Comparing sample means

normal errors: t.test()

A notched boxplot is useful for graphically showing the difference between samples.

A <- c(3, 4, 4, 3, 2, 3, 1, 3, 5, 2)
B <- c(5, 5, 6, 7, 4, 4, 3, 5, 6, 5)
t.test(A, B)
## 
##  Welch Two Sample t-test
## 
## data:  A and B
## t = -3.873, df = 18, p-value = 0.001115
## alternative hypothesis: true difference in means is not equal to 0
## 95 percent confidence interval:
##  -3.0849 -0.9151
## sample estimates:
## mean of x mean of y 
##         3         5

if samples are linked in some way: paired t test

down <- c(20, 15, 10, 5, 20, 15, 10, 5, 20, 15, 10, 5, 20, 15, 10, 5)
up <- c(23, 16, 10, 4, 22, 15, 12, 7, 21, 16, 11, 5, 22, 14, 10, 6)

t.test(down, up)
## 
##  Welch Two Sample t-test
## 
## data:  down and up
## t = -0.4088, df = 29.75, p-value = 0.6856
## alternative hypothesis: true difference in means is not equal to 0
## 95 percent confidence interval:
##  -5.248  3.498
## sample estimates:
## mean of x mean of y 
##     12.50     13.38
t.test(down, up, paired = TRUE)
## 
##  Paired t-test
## 
## data:  down and up
## t = -3.05, df = 15, p-value = 0.0081
## alternative hypothesis: true difference in means is not equal to 0
## 95 percent confidence interval:
##  -1.4864 -0.2636
## sample estimates:
## mean of the differences 
##                  -0.875

non-normal errors: wilcox.test()

wilcox.test(A, B)
## Warning: cannot compute exact p-value with ties
## 
##  Wilcoxon rank sum test with continuity correction
## 
## data:  A and B
## W = 11, p-value = 0.002988
## alternative hypothesis: true location shift is not equal to 0

Comparing counts or proportions

sign test

This is one of the simplest of all statistical tests.
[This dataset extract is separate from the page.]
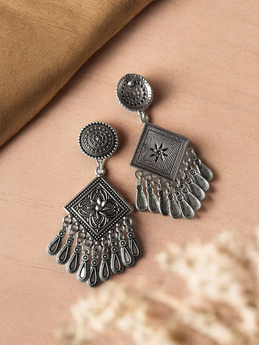 Oxidised Stone Work Earrings – Elegant Vintage Charm
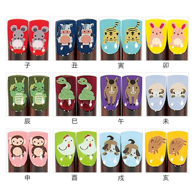 日本人にゆかり深い「干支」。持ち手の部分に可愛い干支のイラストが描かれたお箸です。

Suppose that you cannot measure a difference, but you can see it (e.g. in judging a diving contest). For example, nine springboard divers were scored as better or worse, having trained under a new regime and under the conventional regime (the regimes were allocated in a randomized sequence to each athlete: new then conventional, or conventional then new). Divers were judged twice: one diver was worse on the new regime, and 8 were better.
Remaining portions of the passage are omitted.